Institutional politics and precedent: why this matters beyond personalities

Two structural questions hang over this episode. First: will the EFCC be able to substantiate the allegations in a manner that survives judicial scrutiny?

Second: will the Presidency’s backing harden perceptions that the anti-graft drive is selectively applied?

There is precedent for courts chastising the EFCC when it publicly brands people as wanted without sufficient judicial process — a rule that protects suspects’ fundamental rights but also slows down enforcement.

That precedent will animates both the defence’s courtroom strategy and the media narrative.

Moreover, the political calculus is obvious: for the Tinubu government, demonstrating that its agencies can act decisively against powerful networks is a political and governance feather in the cap.

For the opposition, the case will be a rallying cry about the weaponisation of state power.
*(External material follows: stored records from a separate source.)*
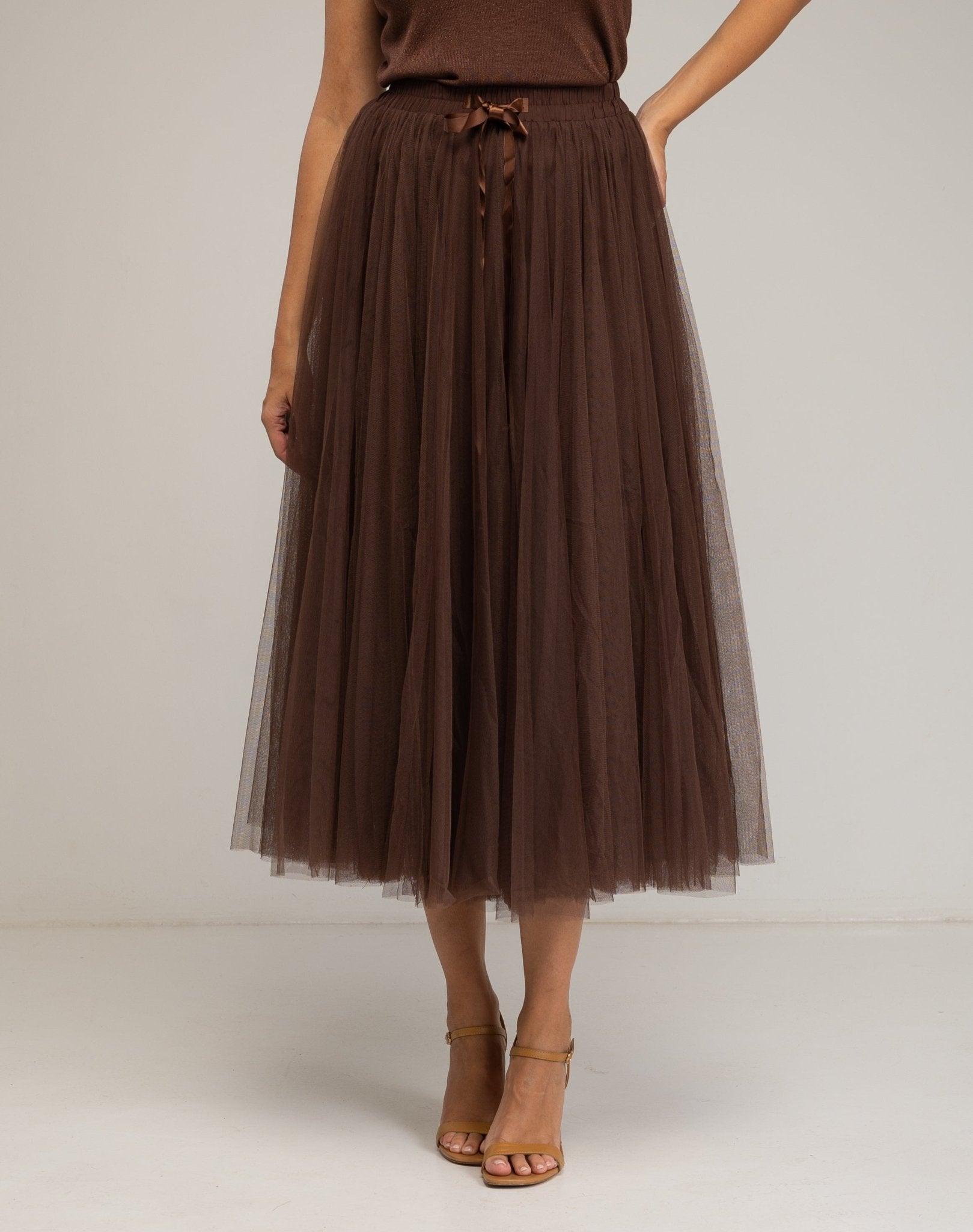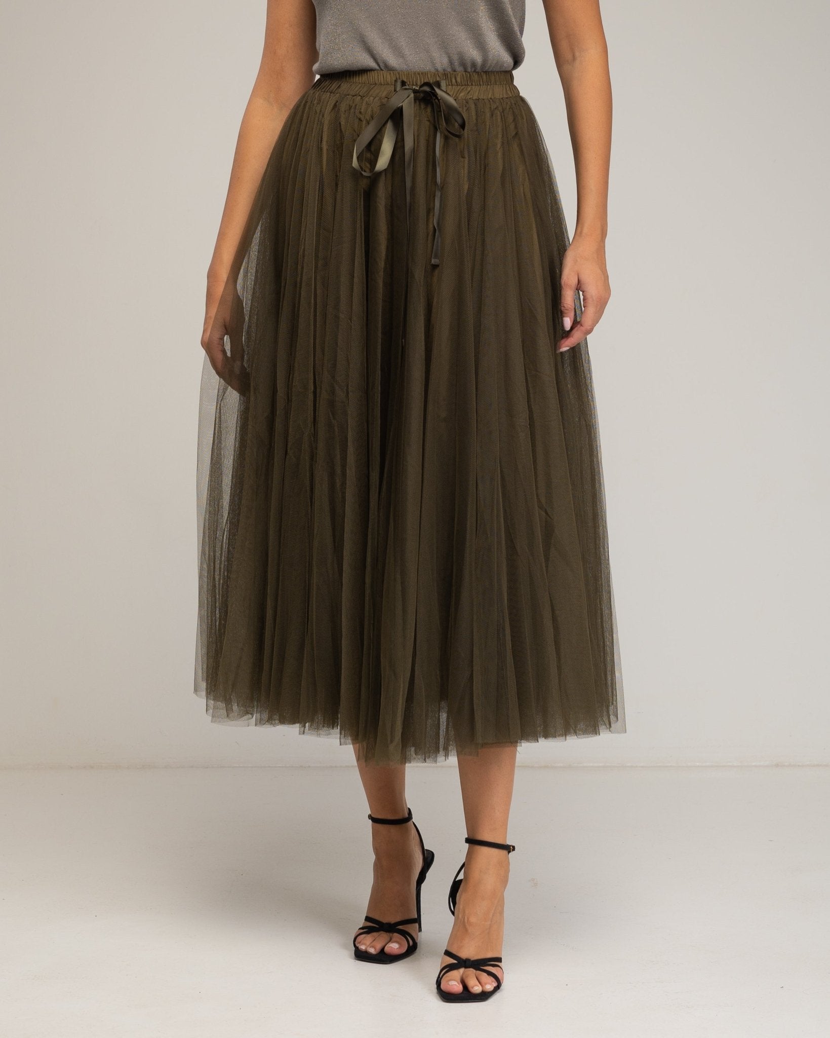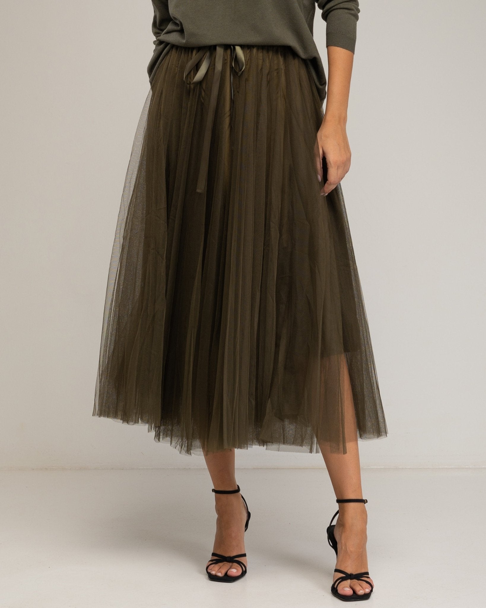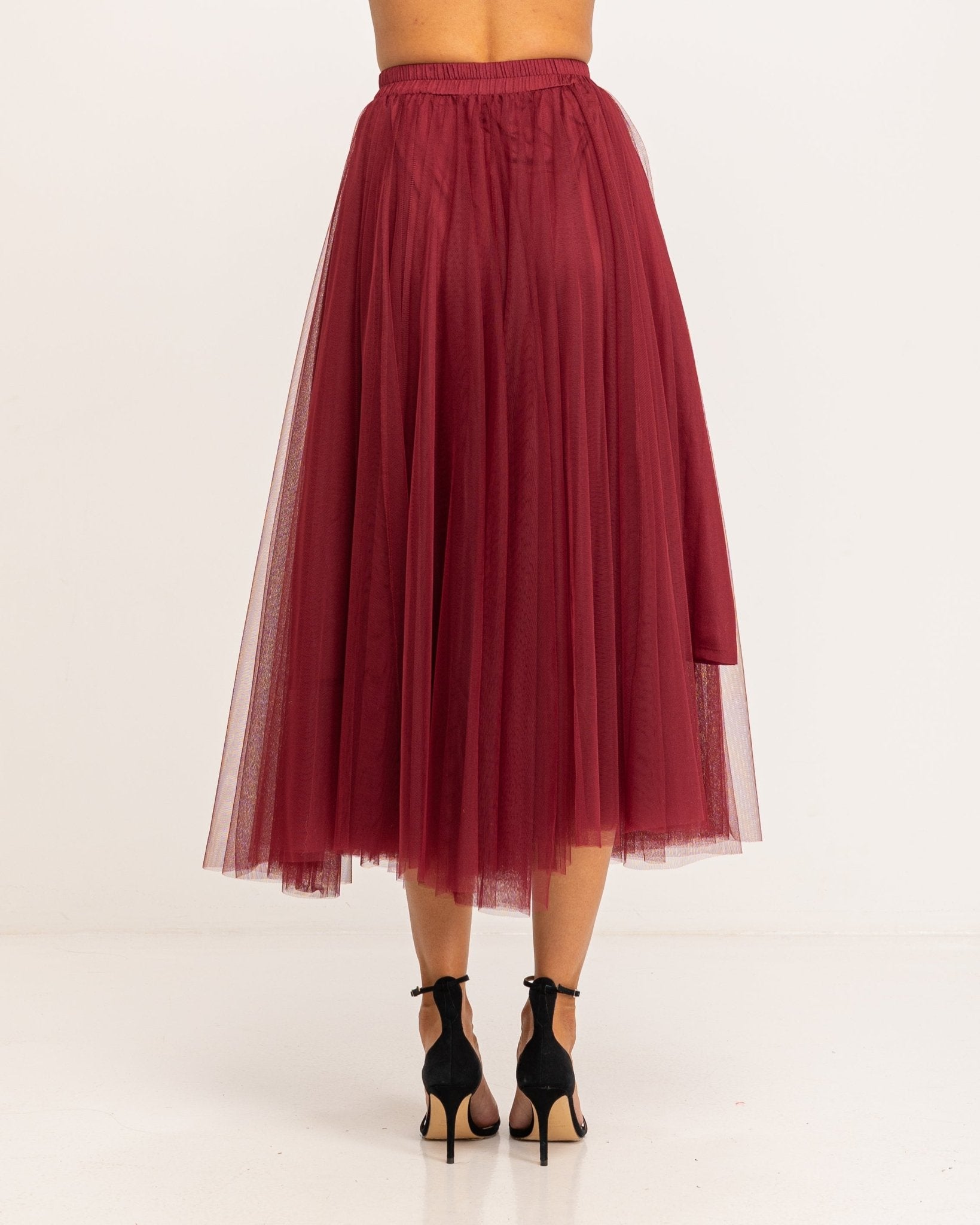 Detalles: varias capas de tul, cintura elástica, largo midi, diseño vaporoso.
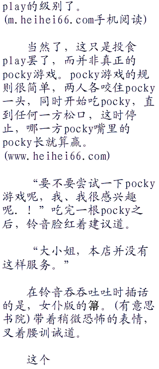 连夜捏着pocky伸到了铃音的嘴边,缓缓的推送而下,伴随着的悉悉索索的声音,pocky被小口小口的嚼碎了。
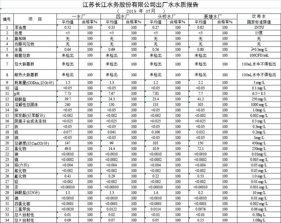 自來(lái)水水質(zhì)報(bào)告(2019年7月份)
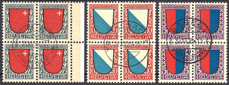 | 1920 Wappen (Kat. Nrn. J 15-17, Mi. Nrn. 153-155), komplette Serie in Viererblocks, sauber postfrisch **, fehlerfrei | CHF 80.-- |
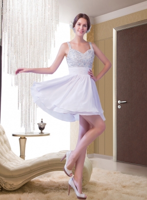 This white prom dress will show your fun side! The spaghetti straps and bust overflowing with shining beading tends to show off a well-toned body. A coordinating waist sash adds interest and detail to the mid-section of the dress. The mini-length airy chiffon skirt sways beautifully across the floor when you move, as if you're floating on air. This simple design never make you sacrifice your elegance and sensuality!
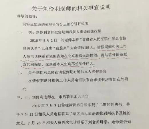 兰州交通大学博文学院院长陈玲表示:2015年1月15日左右,因为学校年终要对教职工进行考核,系上就提出,刘伶利老师从请假到现在半年多没有到学校上班,严重影响教学。编制就这么多,老师的课时没办法完成。2015年1月15日左右,就形成了院长办公会议决定,决定解聘刘伶利老师。她请假时出具的是省人民医院的盆腔炎的证明,我们一直认为她患一般病,没来学校上班,以为她在外面找到其它工作了。
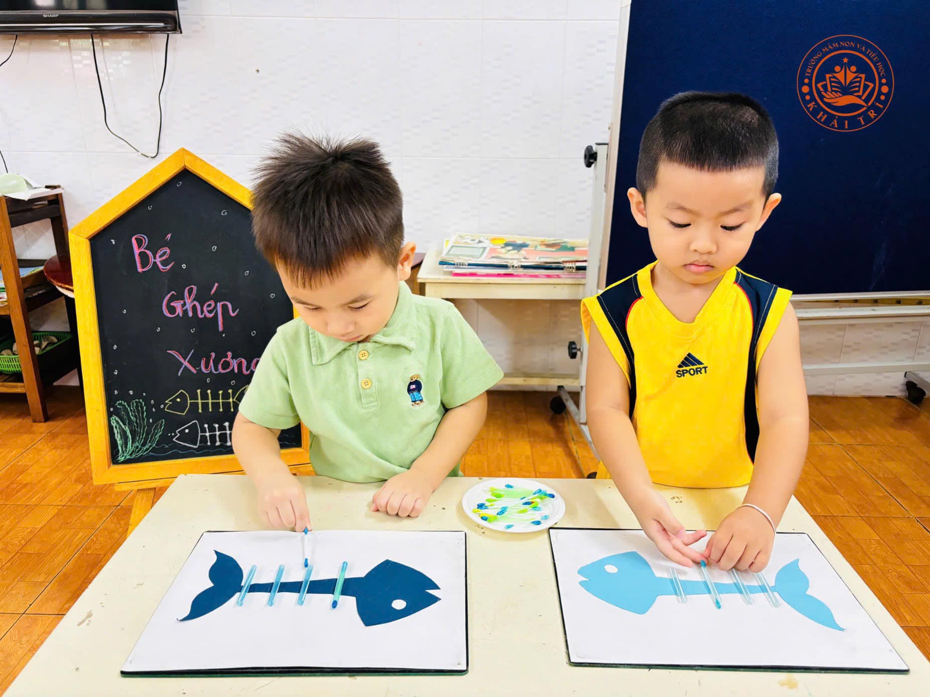 Tại trường Mầm Non Khải Trí, hoạt động Tạo Hình Bé Ghép Xương Cá đã diễn ra sôi nổi và tràn đầy niềm vui. Đây là một hoạt động không chỉ thú vị mà còn rất bổ ích cho các bé lớp Mầm, giúp các em khám phá và hiểu biết hơn về thế giới xung quanh.
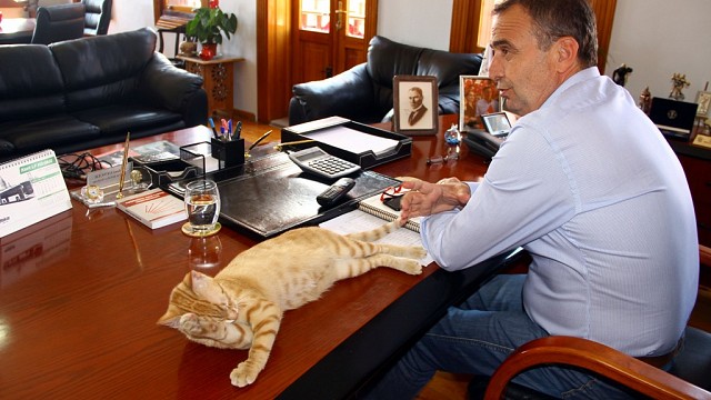 Balıkesir'in Ayvalık ilçesinde belediye başkanını ziyaret edenler, makam masasının vazgeçilmezi 'Limon' isimli kedi ile tanışıyorlar. Bir sokak kedisi olarak yavru iken belediyeye sığınan ve Ayvalık Belediye Başkanı Rahmi Gençer tarafından sahiplenilen kedi, yaklaşık 2 yıldır makam masasını kendine mesken tuttu. Ayvalık Belediye Başkanı Rahmi Gençer, tatil bölgelerinde terk edilen kedi ve köpeklerin sokaklara bırakıldığını ifade ederek, "Sorunlarımızdan bir tanesi özellikle yazın Ayvalık'a gelip yaz tatilini geçiren burada evi olanların, yaz tatili bitince bu hayvanları sokakta bırakıp gitmeleri. Kedilerimizi, köpeklerimizi, sokak dostlarımızı bırakmaları bizi çok üzüyor. Bu çok büyük bir sorun. Ben buradan rica ediyorum. Tam tersini yapalım. Sokak hayvanlarını sahiplenelim" dedi. Limon adlı kedinin büyük ilgi gördüğünü ifade eden Başkan Gençer, "Ayvalık sevgi üzerine kurulmuş teması olan bir şehir. O yüzden sokak hayvanlarımıza sahip çıkalım. Limon'u görenler ilk görüşte şaşırıyor. Vatandaşlarımızın bir kısmı da korkuyor. Buraya gelince alışanlar da olmaya başladı. Personelden çok korkan vardı. Ancak daha sonra korkularını attılar. Bence faydalı oluyor. En azından sahiplenme duyguları artıyor. Bazı personel arkadaşlar burada kediler ile tanışınca evlerine kedi almaya başladı" diye konuştu. Gününün büyük bir kısmını Belediye Başkanı Rahmi Gençer'in çalışma masası ve makam koltuğunda geçiren Limon, adeta ilçenin yeni maskotu haline geldi. (İHA)
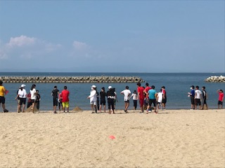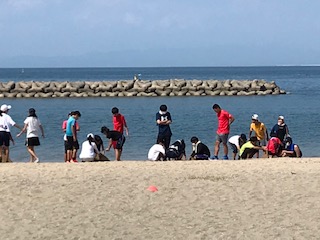 砂積み競争です。砂を多く積んだチームの勝ちです。
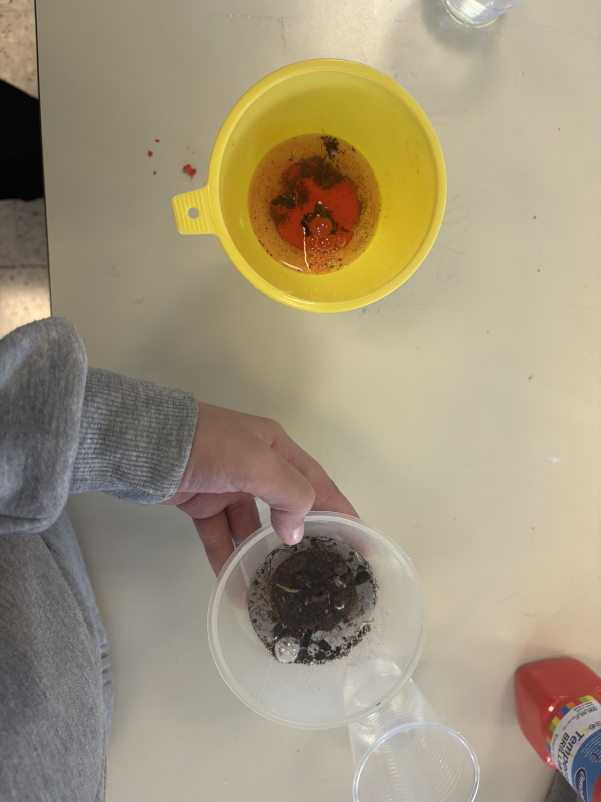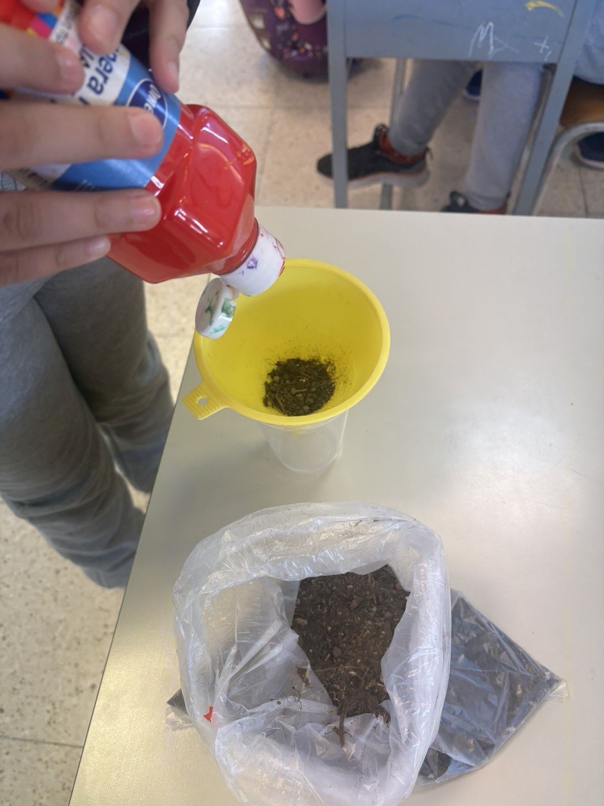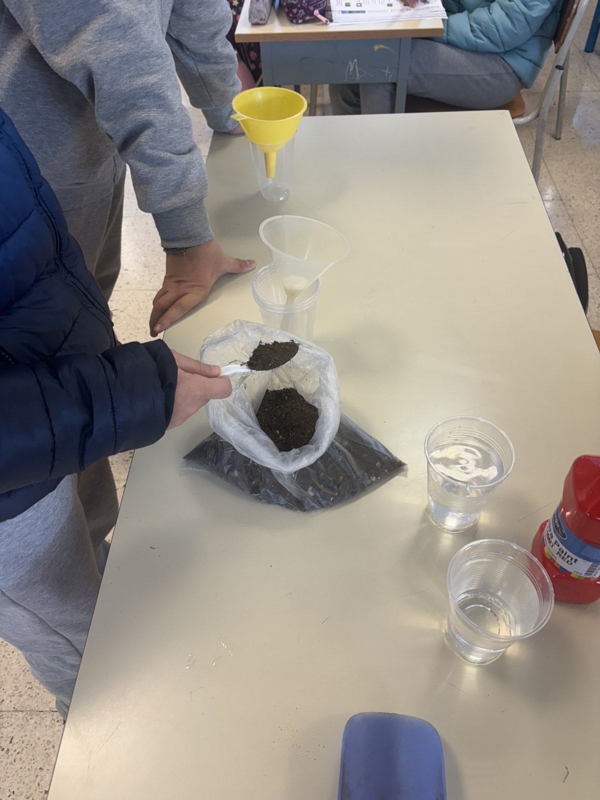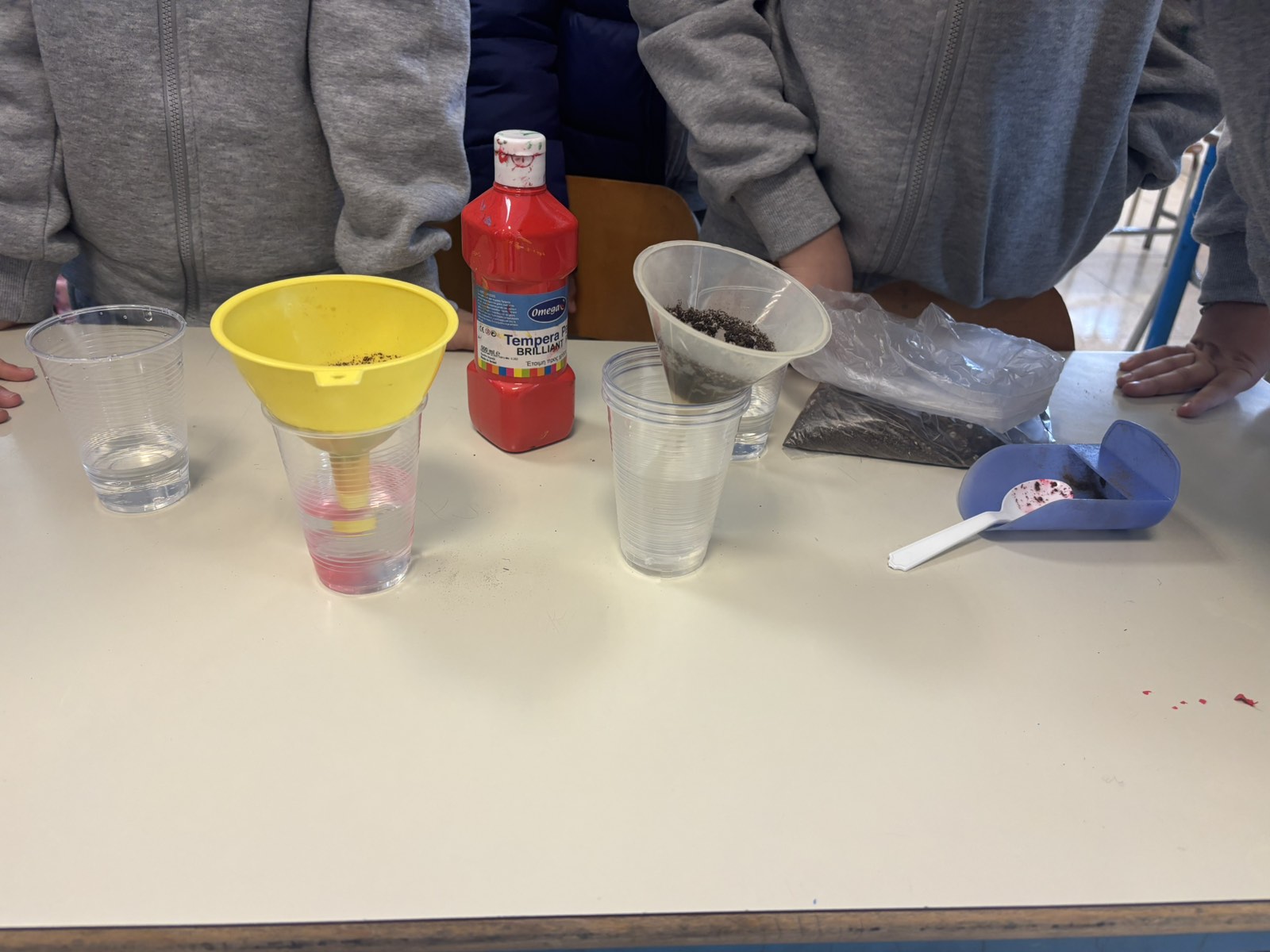 | Στα πλαίσια της ενότητας «Φυσικό Περιβάλλον», οι μαθητές καλούνται να κάνουν υποθέσεις για το πώς ρυπαίνεται το νερό των θαλασσών/λιμνων/ποταμών, από επικίνδυνες ουσίες που βρίσκονται στη ξηρά. Εκτελώντας το πείραμα επιβεβαίωσαν τις αρχικές υποθέσεις τους, οι οποίες στήριζαν ότι το νερό της βροχής μεταφέρει επικίνδυνες ουσίες από την ξηρά στο νερό της θάλασσας, της λίμνης και των ποταμών. |

The resulting polarisation will make legal fact-finding harder and public deliberation noisier — precisely the environment in which rule-of-law claims become muddled with partisan narratives.

What to watch next

Court filings and orders — Does the Federal High Court entertain or dismiss the defence’s motion seeking to restrain the EFCC’s actions? A ruling against the commission would not only complicate the Haske prosecution but could set a new constraint on how EFCC handles “wanted” declarations.

Financial forensics — Will the EFCC or court disclose the documentary trail (bank records, contracts and wire transfers) that allegedly connect Haske or AA & R to questionable NNPCL transactions? Confirmed paper trails would radically change the stakes.

International cooperation — If the EFCC believes Haske fled the country, will it pursue INTERPOL channels? Some outlets report reluctance at that level unless strict political-neutrality tests are satisfied; the outcome will determine whether this becomes a truly transnational hunt.

Bottom line

This case crystallises an old Nigerian dilemma: how to pursue high-value corruption cases quickly and visibly while protecting procedural rights and avoiding the appearance, or reality, of political targeting.

The EFCC has the public backing of the presidency; Atiku’s camp and Haske’s lawyers insist on victimisation and abuse of process. The courts will now be the arbiter of that contest, and their decisions will shape not only the fate of one man and his company, but also the credibility of anti-corruption instruments in Nigeria’s fractious public life.